What to do -
Reproduce only the lines below from the line containing "Designad för att" to the line containing "to your space!", exactly as written, with both end lines kept. Omit the pictures.

Given information -
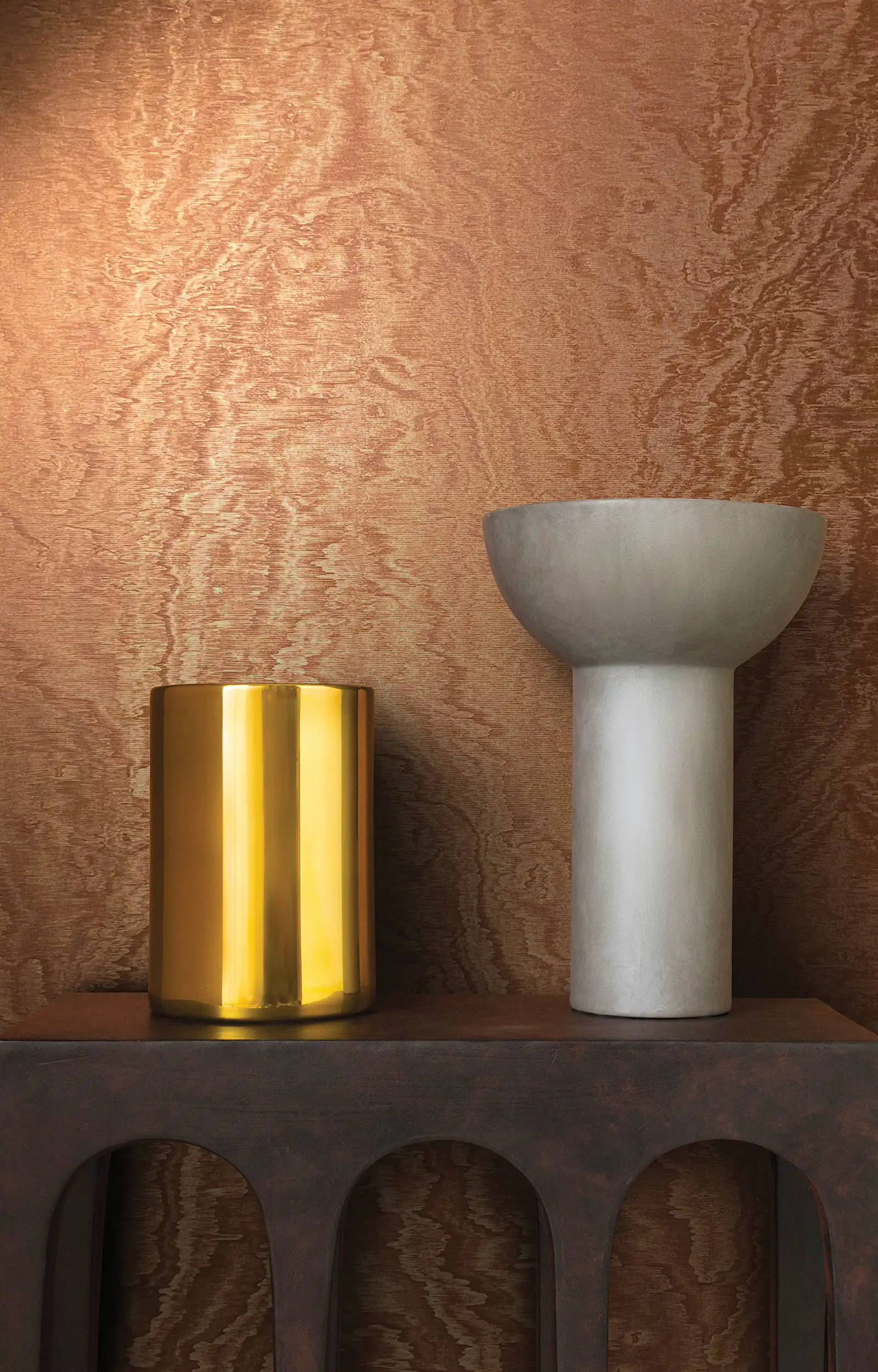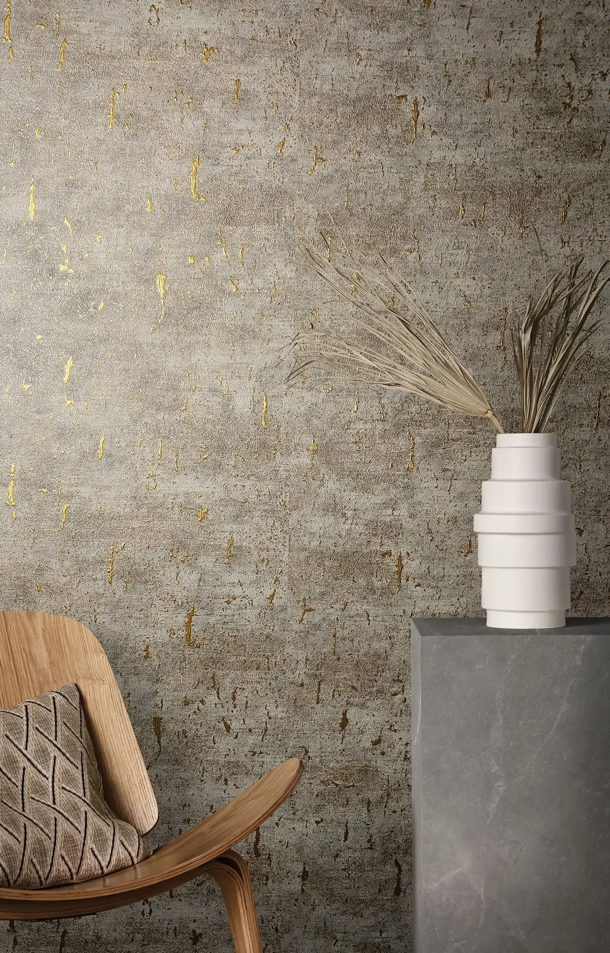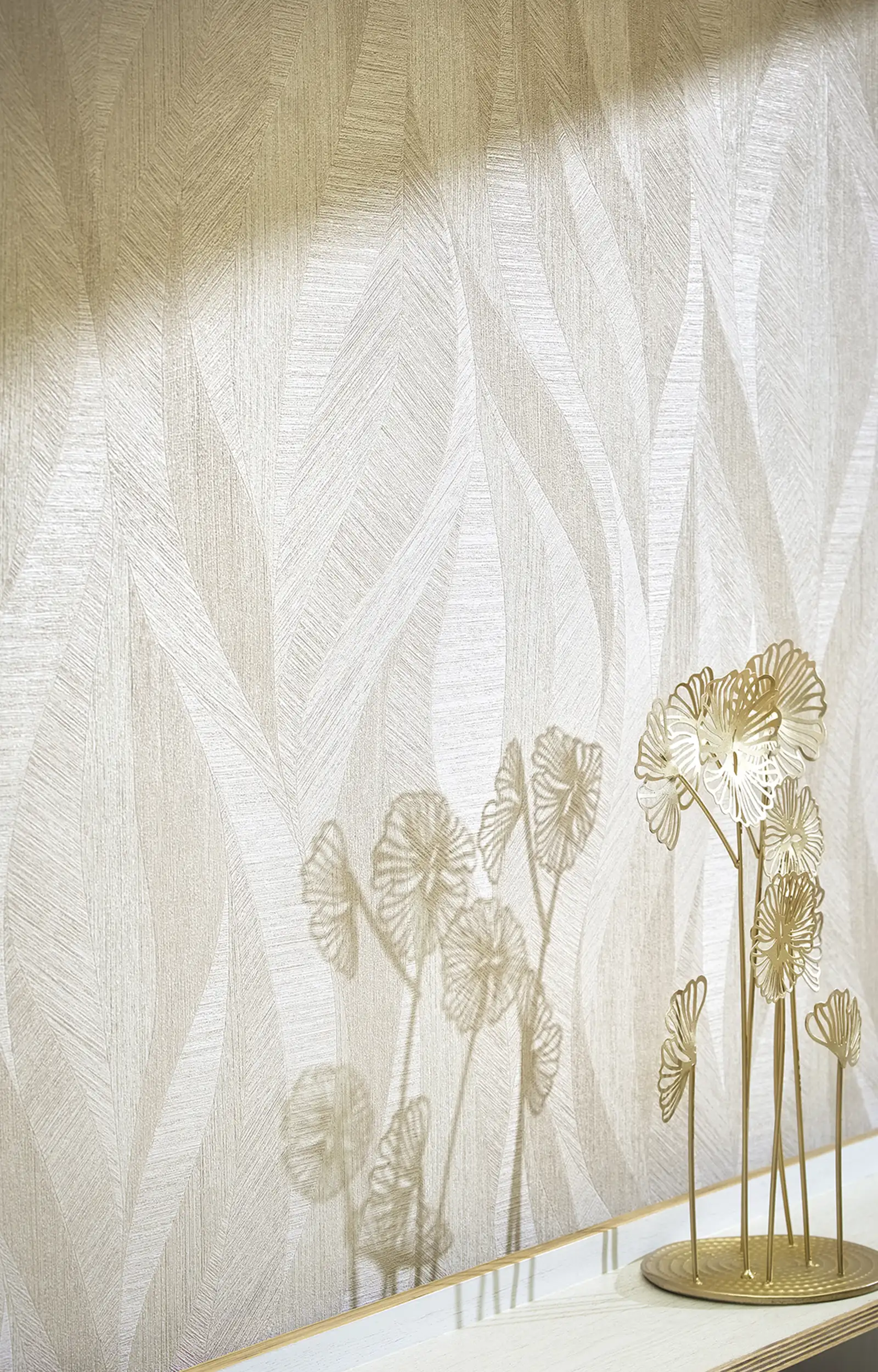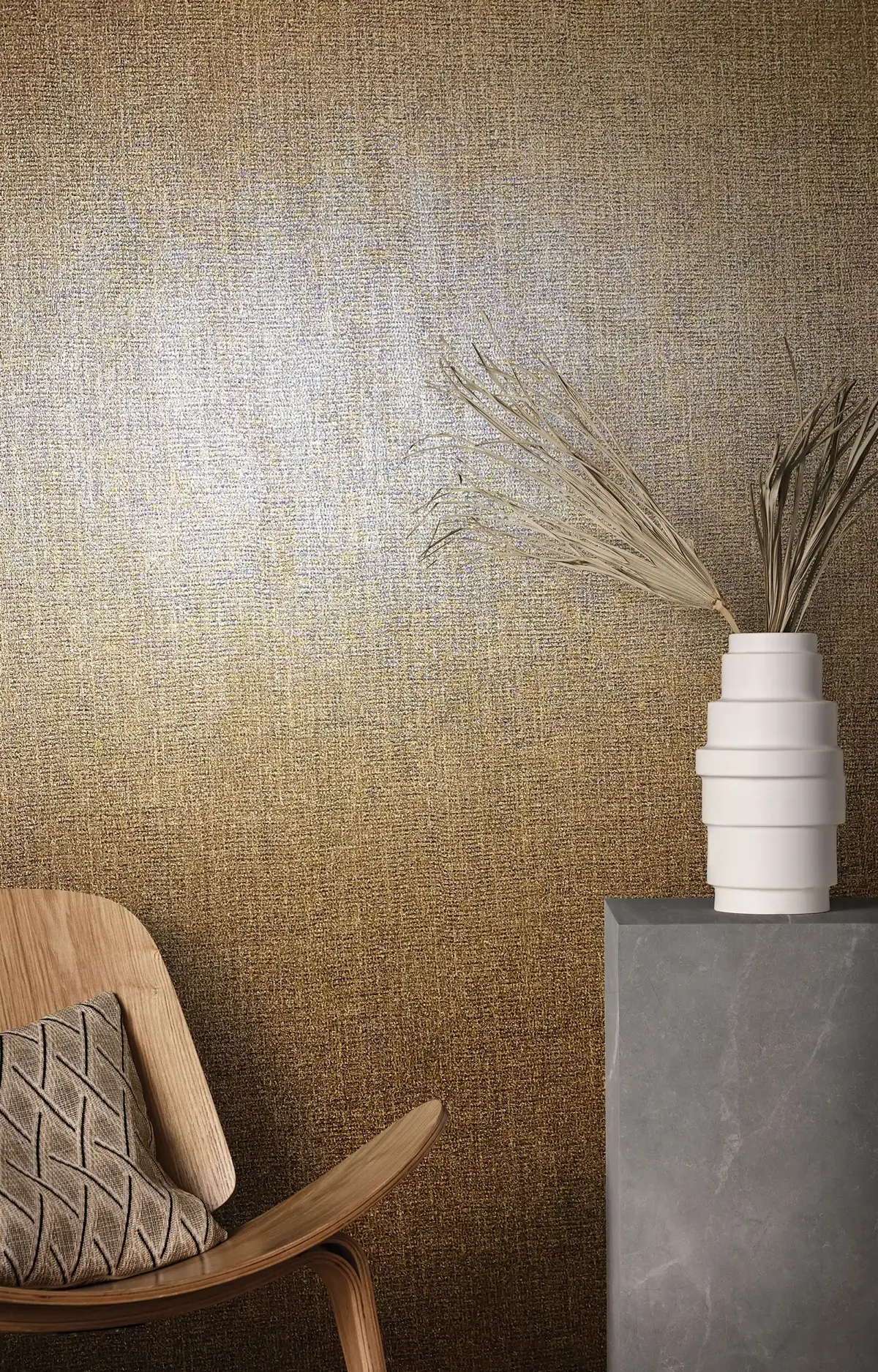 Minimalistički karakter kolekcije dodatno je oplemenjen suptilnim zlatnim akcentima koji unose notu luksuza bez preterane dominantnosti. Zlatni tonovi diskretno reflektuju svetlost, dajući prostoru sofisticiran sjaj i dubinu, bez narušavanja njegove smirene prirodne estetike.
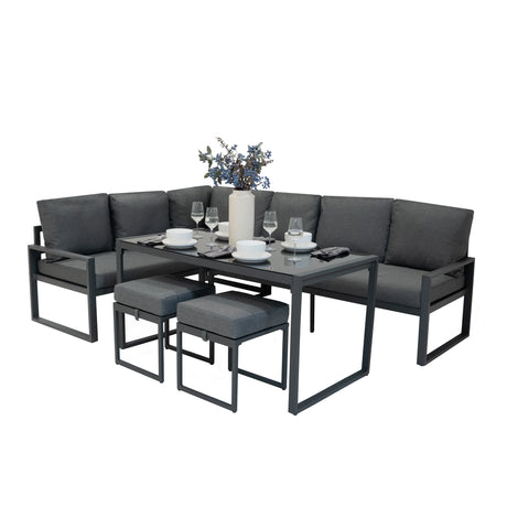 Designad för att kombinera stil och funktionalitet erbjuder detta sofistikerade set en bekväm och inbjudande sittplats – perfekt både för att ta emot gäster och för att koppla av i solen. Det inkluderar en rymlig hörnsoffa, två praktiska pallar och ett elegant bord med bordsskiva i härdat glas, vilket ger dig allt du behöver för att skapa ett funktionellt och stilfullt uterum.
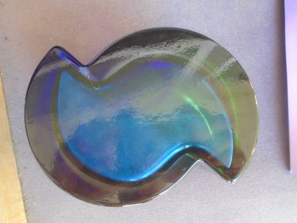 Measures 4" tall x 8" length x 6" width -Weighs 6 lbs -Displays well. -Maker's sticker is no longer present. I believe its origin is Czech. (no gallery paperwork). A very nice piece to add color and interest to your space!
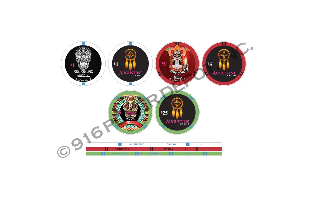 Our newest security measure allows us to microscopically etch any logo or design directly into the chip’s face.  Custom molds are also available to not only increase security but supplement your branding efforts by having your casino name or logo molded directly into the face of the chip.Additional security measures can be taken using our mint mark detection, pattern recognition, and micro-print detection technology.
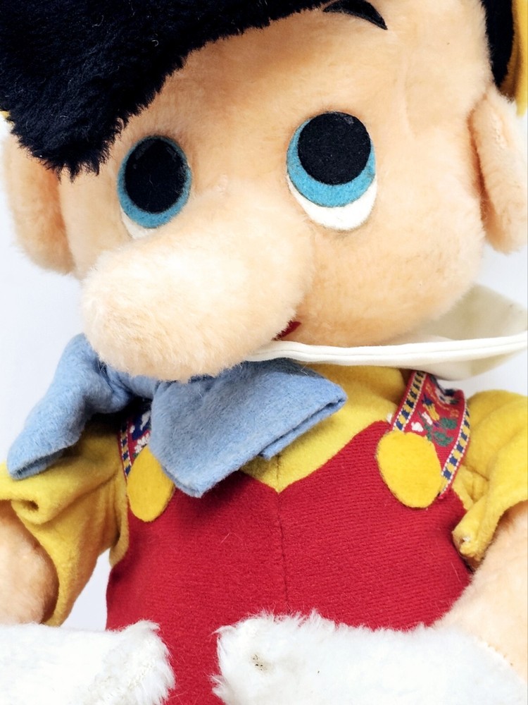 Large plush, shows some wear from the age. Eyes have some issues and small hole on right knee. Not sure about the back of head, but similar plush have the same thing. Please review pictures before purchasing to better understand the condition of the item. This is a 24" plush toy of the classic Disney character, Pinocchio. It features a cute and cuddly design that is perfect for Disney fans of all ages. The toy is made from high-quality materials and is based on the 1970s Disney movie, Pinocchio. It is a great addition to any collection of Disney memorabilia and is sure to bring joy and happiness to those who see it.
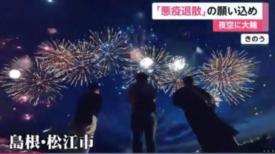 当地时间6月1日晚,为祈愿新冠疫情早日结束,日本多地同时燃放烟花。图为岛根县松江市的民众在观看烟花。(图片来源:日本富士电视台视频截图)
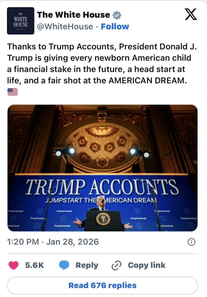 Me këtë program, administrata Trump synon t’i japë familjeve një mjet konkret për të ndërtuar pasuri dhe për të përshpejtuar mundësitë për brezat e ardhshëm — nga arsimimi, te blerja e një shtëpie, deri te investimi në sipërmarrje.

Exercise solution -
 Designad för att kombinera stil och funktionalitet erbjuder detta sofistikerade set en bekväm och inbjudande sittplats – perfekt både för att ta emot gäster och för att koppla av i solen. Det inkluderar en rymlig hörnsoffa, två praktiska pallar och ett elegant bord med bordsskiva i härdat glas, vilket ger dig allt du behöver för att skapa ett funktionellt och stilfullt uterum.
 Measures 4" tall x 8" length x 6" width -Weighs 6 lbs -Displays well. -Maker's sticker is no longer present. I believe its origin is Czech. (no gallery paperwork). A very nice piece to add color and interest to your space!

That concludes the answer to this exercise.